-- RECORDED DATA --
BEGIN

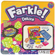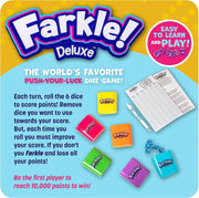 Farkle Deluxe is a great party game with 6 sets of colorful dice & cups. Roll your dice and try to score with a three of a kind, a full house, a straight and more! Will you stick with a moderate roll, or tempt fate for a shot at a more winning combination? The first player to 10,000 points wins. This set comes with six sets of dice and cups and a rolling tray.
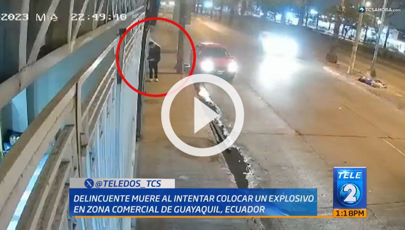 Las cámaras de seguridad captaron la trágica muerte de un presunto extorsionista que intentó poner un explosivo en un negocio en la avenida Francisco de Orellana, del norte de Guayaquil.
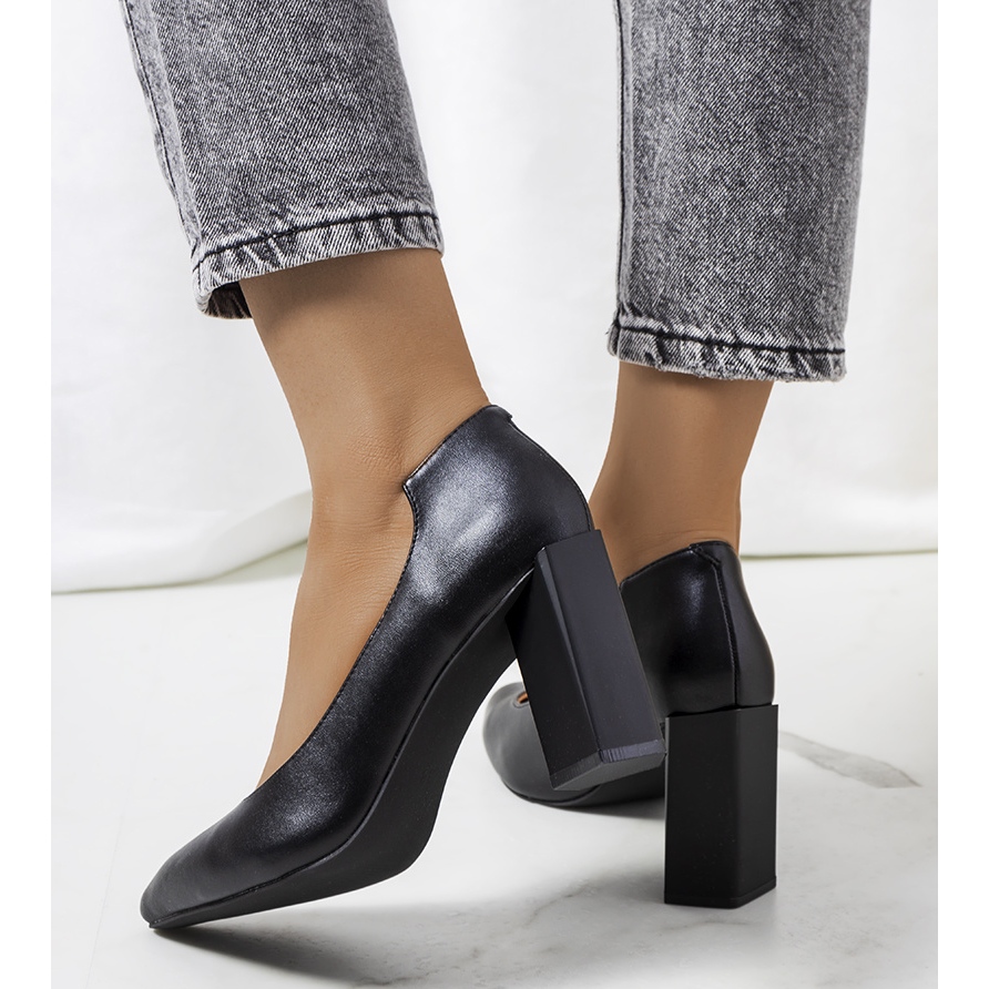 Pompele negre cu toc Kruis sunt alegerea perfectă pentru fiecare femeie care vrea să îmbine eleganța cu confortul. Datorită tăieturii lor unice și formei originale a tocului, acești pantofi ies în evidență față de alte modele. Înălțimea tocului de 8,5 cm face silueta mai subțire, iar în același timp, stabilitatea pe călcâi asigură încredere în fiecare pas.

END

-- YOUR TASK --
Give again, exactly, the lines from the start of the data through the one holding "Las cámaras de"; omit the pictures.

-- RESPONSE AREA --
 Farkle Deluxe is a great party game with 6 sets of colorful dice & cups. Roll your dice and try to score with a three of a kind, a full house, a straight and more! Will you stick with a moderate roll, or tempt fate for a shot at a more winning combination? The first player to 10,000 points wins. This set comes with six sets of dice and cups and a rolling tray.
 Las cámaras de seguridad captaron la trágica muerte de un presunto extorsionista que intentó poner un explosivo en un negocio en la avenida Francisco de Orellana, del norte de Guayaquil.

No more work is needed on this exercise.